This method may be readily generalised to approximate both the $\min$ and $\max$ operators on $\mathbb{R}^n$ in the Julia programming language:

using Statistics

function analytic_min_max(X::Array{Float64, 1},N::Int64,case::Int64)

"""
An analytic approximation to the min and max operators

Inputs:
X: a vector from R^n where n is unknown

N: an integer such that the approximation of max(X)
improves with increasing N.

case: If case == 1 apply analytic_min(), otherwise
apply analytic_max() if case == 2

Output:

An approximation to min(X) if case == 1, and max(X) if
case == 2
"""

if (case != 1)*(case != 2)

return print("Error: case isn't well defined")

else

## q is the degree of the approximation:
q = N*(-1)^case

mu, sigma = mean(X), std(X)

## rescale vector so it has zero mean and unit variance:
Z_score = (X.-mu)./sigma

exp_sum = sum(exp.(Z_score*q))

log_ = log(exp_sum)/q

return (log_*sigma)+mu

end

end


and the reader may check that it passes the following numerical stability test:

function numerical_stability(method,type::Int64)

"""
A simple test for numerical stability with respect to the relative error.

Input:

method: the approximation used

type: 1 for min() and 2 for max()

Output:

Check that the average relative error is less than 10%.

"""

## test will be run 100 times
relative_errors = zeros(100)

for i = 1:100

## a vector sampled uniformly from [-1000,1000]^100
X = (2*rand(100).-1.0)*1000

## the test for min operators
if type == 1

min_ = minimum(X)

relative_errors[i] = abs(min_-method(X,i))/abs(min_)

## the test for max operators
else

max_ = maximum(X)

relative_errors[i] = abs(max_-method(X,i))/abs(max_)

end

end

return mean(relative_errors) < 0.1

end


## Discussion:

It took me about an hour to come up with my solution so I doubt this method is either original or state-of-the-art.

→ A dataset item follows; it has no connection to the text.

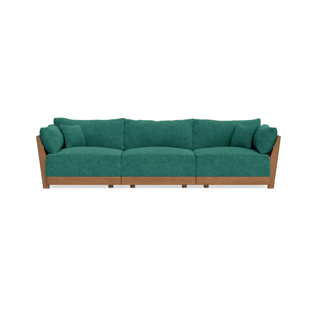 Features Custom Cloud-like Comfort: Oversized cushions, an extra deep seat, a tapered, cradled recline, and a comfort-centric webbing system—Bondi is designed for lavish comfort from the ground up. Choose between our two best selling comfort recipes to find the custom formula that’s right for you. Washable Covers: The entire Bondi Sofa can be undressed and washed with our patent pending design. All fabric covers feature concealed zippers for easy removal and cleaning. Extra slipcovers are available for purchase. Life-Proof Seating: Designed to handle everything from dirty paws to sharp claws, our fabric collection includes high performance options that are Machine Washable, Liquid Repellent, Stain Resistant, & Pet-Friendly. Each pillow is wrapped in a patent pending, water-resistant liner and each seat cushion features moisture-wicking air mesh for additional protection. Modular: Reconfigurable, patent pending modules, made to move and adapt with your ever-changing lifestyle. Designed to fit anywhere—great for small & large spaces alike. Sustainable Craftsmanship: Bondi’s kiln-dried solid ash wood frame is FSC-Certified. Our comfort formulas feature low impact eco-foam that upcycles disposable bottles. One sofa = roughly 400 recycled plastic bottles. All foam is CertiPUR-US®, free of ozone depletors.
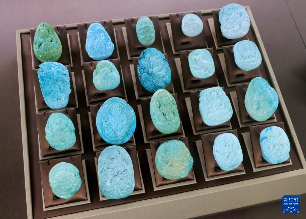 這是8月30日在湖北省竹山縣拍攝的綠松石工藝品。

In fact, I wouldn’t be surprised at all if numerical analysts have a better solution than the one I propose here.

If you know of a more robust method, feel free to join the discussion on the MathOverflow.

## References:

1. Aidan Rocke (https://mathoverflow.net/users/56328/aidan-rocke), analytic approximations of the min and max operators, URL (version: 2020-02-13): https://mathoverflow.net/q/352548

2. eakbas (https://mathoverflow.net/users/5223/eakbas), A differentiable approximation to the minimum function, URL (version: 2016-08-12): https://mathoverflow.net/q/35191

3. Wikipedia contributors. Smooth maximum. Wikipedia, The Free Encyclopedia. March 25, 2019, 21:07 UTC. Available at: https://en.wikipedia.org/w/index.php?title=Smooth_maximum&oldid=889462421. Accessed February 12, 2020.

4. Wikipedia contributors. (2019, December 3). Generalized mean. In Wikipedia, The Free Encyclopedia. Retrieved 21:37, February 13, 2020, from https://en.wikipedia.org/w/index.php?title=Generalized_mean&oldid=929065968

5. alwayscurious (https://stats.stackexchange.com/users/194748/alwayscurious), What is the reasoning behind standardization (dividing by standard deviation)?, URL (version: 2019-03-18): https://stats.stackexchange.com/q/398116

6. Sergey Ioffe & Christian Szegedy. Batch Normalization: Accelerating Deep Network Training by Reducing Internal Covariate Shift. 2015.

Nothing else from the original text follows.